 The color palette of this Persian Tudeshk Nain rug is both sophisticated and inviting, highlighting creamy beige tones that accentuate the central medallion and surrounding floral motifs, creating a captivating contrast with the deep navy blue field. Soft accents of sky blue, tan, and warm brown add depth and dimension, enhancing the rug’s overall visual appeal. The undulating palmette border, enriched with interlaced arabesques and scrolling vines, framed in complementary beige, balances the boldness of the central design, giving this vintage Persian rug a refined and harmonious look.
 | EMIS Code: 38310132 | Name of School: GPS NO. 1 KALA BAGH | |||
___
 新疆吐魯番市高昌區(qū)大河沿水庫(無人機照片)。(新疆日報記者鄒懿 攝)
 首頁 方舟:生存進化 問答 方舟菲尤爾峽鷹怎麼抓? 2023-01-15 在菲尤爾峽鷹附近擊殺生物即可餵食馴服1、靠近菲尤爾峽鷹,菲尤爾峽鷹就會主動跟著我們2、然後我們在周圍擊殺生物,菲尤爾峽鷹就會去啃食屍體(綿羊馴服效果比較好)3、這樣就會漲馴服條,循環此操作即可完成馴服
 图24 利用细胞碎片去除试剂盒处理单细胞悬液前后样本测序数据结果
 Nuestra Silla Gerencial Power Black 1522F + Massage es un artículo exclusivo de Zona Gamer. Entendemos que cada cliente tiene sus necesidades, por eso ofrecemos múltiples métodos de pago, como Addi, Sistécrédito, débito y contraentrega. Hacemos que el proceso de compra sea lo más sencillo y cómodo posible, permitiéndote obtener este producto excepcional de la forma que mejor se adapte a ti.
___
All lines in the data above from the one with "The color palette" through the one with "KALA BAGH | |||" must be repeated exactly, and no others.

◆ **ANSWER SECTION**
 The color palette of this Persian Tudeshk Nain rug is both sophisticated and inviting, highlighting creamy beige tones that accentuate the central medallion and surrounding floral motifs, creating a captivating contrast with the deep navy blue field. Soft accents of sky blue, tan, and warm brown add depth and dimension, enhancing the rug’s overall visual appeal. The undulating palmette border, enriched with interlaced arabesques and scrolling vines, framed in complementary beige, balances the boldness of the central design, giving this vintage Persian rug a refined and harmonious look.
 | EMIS Code: 38310132 | Name of School: GPS NO. 1 KALA BAGH | |||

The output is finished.